One can also think of the problem as; For a given $p(\mathbf{z})$, find a transition $p(\mathbf{z}^{\prime} \mid \mathbf{z})$ which has $p(\mathbf{z})$ as its stationary distribution, i.e., for $\tau \to \infty$, $p(\mathbf{z}^{(\tau)})$ converges to $p(\mathbf{z})$ (irrespective of the choice of $p(\mathbf{z}^{(1)})$, (ergodicity)).

Note that, for every $p(\mathbf{z})$, more than one $p(\mathbf{z}^{\prime} \mid \mathbf{z})$ may exist with $p(\mathbf{z})$ as its stationary distribution.
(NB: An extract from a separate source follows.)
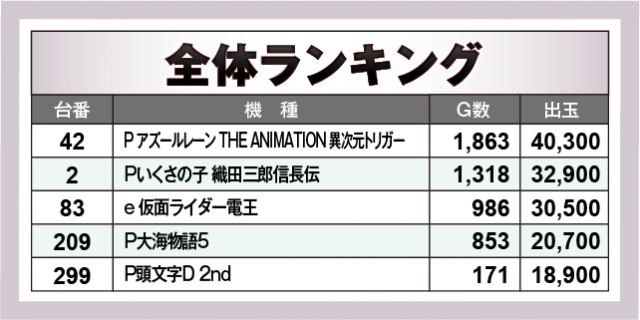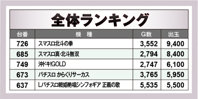 ※出玉数順に掲載しています

Thus, different MCMC algorithms differ in how they construct such transition probabilities.

In Gibbs sampling, we sample each variable in turn, conditioned on values of all other variables, i.e., given joint sample $\mathbf{z}^{(\tau)}$, generate new sample $\mathbf{z}^{(\tau + 1)}$ by sampling each component in turn.

Let $\mathsf{z}_1, \ldots, \mathsf{z}_M$ with joint distribution $p(\mathbf{z}) = (z_1, \ldots, z_M)$, $$ p(\mathbf{z}) = p(z_i, \mid z_1, \ldots, z_{i - 1}, z_{i + 1}, \ldots, z_M) p(z_1, \ldots, z_{i - 1}, z_{i + 1}, \ldots, z_M) $$ Suppose we can easily sample from, $$ p(z_i \mid z_1, \ldots, z_{i - 1}, z_{i + 1}, \ldots, z_M) \triangleq p(z_i \mid \mathbf{z}_{\backslash i}) $$ At each step $\tau$ we replace value of one variable $\mathsf{\mathbf{z}}_i$ by a value drawn from $p(z_i \mid \mathbf{z}_{\backslash i}^{(\tau)})$.